An example of a situation that could benefit from using cancellation is an asynchronously-generated cancel condition such as a user requesting to close or exit some running operation. Another example is the completion of a task undertaken by a number of threads, such as solving a maze. While many threads search for the solution, one of the threads might solve the puzzle while the others continue to operate. Since they are serving no purpose at that point, they should all be canceled.
Planning and programming for most cancellations follow this pattern:
The system defines certain points at which cancellation can occur (cancellation points), and you can create additional cancellation points in your application with pthread_testcancel().
The following cancellation points are defined by the system (system-defined cancellation points): creat(2)aio_suspend(3C), close(2), creat(2), getmsg(2), getpmsg(2), lockf(3C), mq_receive(3C), mq_send(3C), msgrcv(2), msgsnd(2), msync(3C), nanosleep(3C), open(2), pause(2), poll(2), pread(2), pthread_cond_timedwait(3C), pthread_cond_wait(3C), pthread_join(3C), pthread_testcancel(3C), putmsg(2), putpmsg(2), pwrite(2), read(2), readv(2), select(3C), sem_wait(3C), sigpause(3C), sigwaitinfo(3C), sigsuspend(2), sigtimedwait(3C), sigwait(2), sleep(3C), sync(2), system(3C), tcdrain(3C), usleep(3C), wait(3C), waitid(2), wait3(3C), waitpid(3C), write(2), writev(2), and fcntl(2), when specifying F_SETLKW as the command.
When cancellation is asynchronous, cancellation can occur at any time (before, during, or after the execution of the function defined as the cancellation point). When cancellation is deferred (the default case), cancellation occurs only within the scope of a function defined as a cancellation point (after the function is called and before the function returns). See Cancellation Type for more information about deferred and asynchronous cancellation.
Choosing where to place cancellation points and understanding how cancellation affects your program depend upon your understanding of both your application and of cancellation mechanics.

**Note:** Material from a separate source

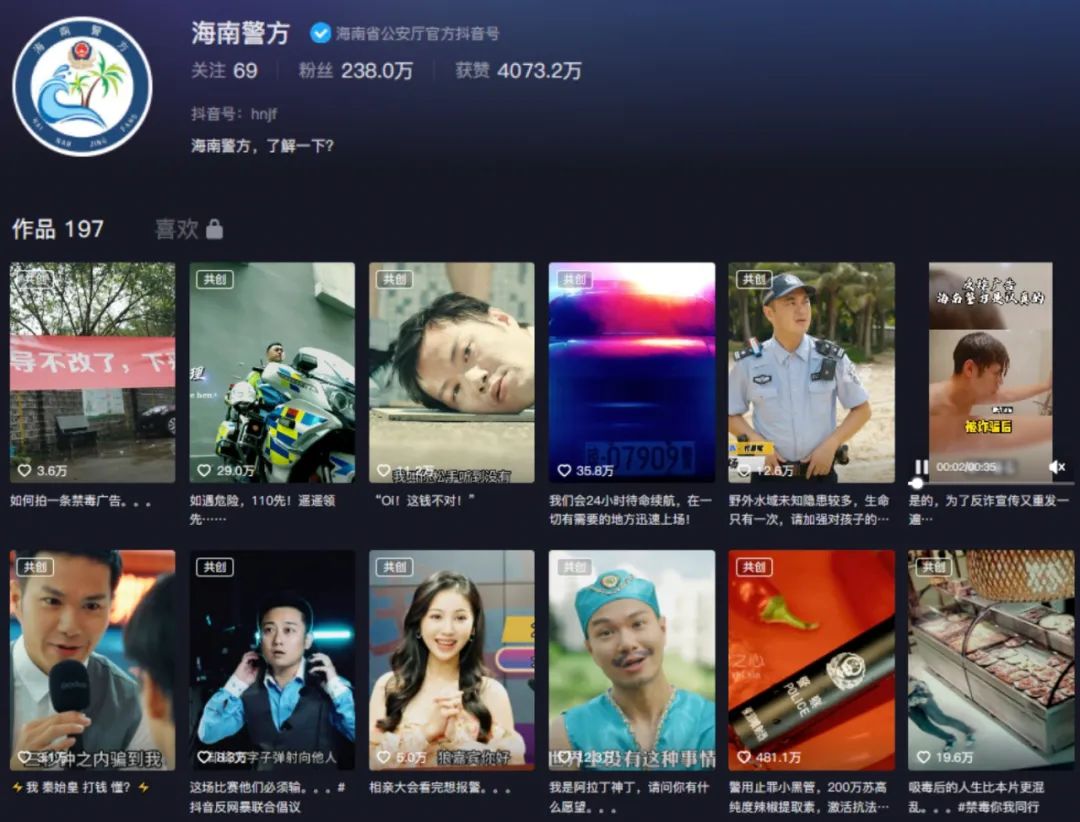 豐富的傳播渠道和多樣的共創(chuàng)模式可以說(shuō)是“海南警方”短視頻成功破圈的基礎(chǔ)。在傳播渠道方面,“海南警方”拍攝的短視頻會(huì)依據(jù)內(nèi)容形式,首先投放在抖音、快手以及微信視頻號(hào)等平臺(tái),通過(guò)擴(kuò)充社交媒體傳播渠道,最大范圍內(nèi)汲取公域流量,打好用戶底盤(pán)。除了以短視頻平臺(tái)為核心的投放策略外,“海南警方”還利用其他平臺(tái)作為引流渠道,如以日常工作宣傳為主的今日頭條和微博上,“海南警方”發(fā)布對(duì)應(yīng)的視頻合集,嘗試突破平臺(tái)壁壘,最大程度吸引網(wǎng)民注意力。在創(chuàng)作方式上,“海南警方”根據(jù)視頻內(nèi)容與其他賬號(hào)合作,如《這錢(qián)不對(duì)》和《禁毒版盜夢(mèng)空間》兩部作品,由于涉及反邪教和禁毒題材,“海南警方”分別與中國(guó)反邪教和海南禁毒合作拍攝,這種基于宣傳主旨達(dá)成的合作模式可以幫助賬號(hào)有效拓展分眾渠道,觸達(dá)更多用戶?!昂D暇健边€有部分視頻是與下級(jí)公安的合作,包括昌江警方、澄邁警方等,這一方面可以發(fā)揮海南警方的虹吸效應(yīng),聚合更多流量助推宣傳效果,另一方面也可以反哺弱勢(shì)賬號(hào),打造傳播矩陣,為普法宣傳開(kāi)辟更多通路。

Typically, any call that might require a long wait should be a cancellation point. Operations need to check for pending cancellation requests when the operation is about to block indefinitely. This includes threads waiting in pthread_cond_wait() and pthread_cond_timedwait(), threads waiting for the termination of another thread in pthread_join(), and threads blocked on sigwait().
A mutex is explicitly not a cancellation point and should be held for only the minimal essential time.
Most of the dangers in performing cancellations deal with properly restoring invariants and freeing shared resources. For example, a carelessly canceled thread might leave a mutex in a locked state, leading to a deadlock. Or it might leave a region of memory allocated with no way to identify it and therefore no way to free it.
When a thread is canceled, it should release resources and clean up the state that is shared with other threads. So, whenever a thread that might be canceled changes the state of the system or of the program, be sure to push a cleanup handler with pthread_cleanup_push(3C) before the cancellation point.
When a thread is canceled, all the currently-stacked cleanup handlers are executed in last-in-first-out (LIFO) order. Each handler is run in the scope in which it was pushed. When the last cleanup handler returns, the thread-specific data destructor functions are called. Thread execution terminates when the last destructor function returns.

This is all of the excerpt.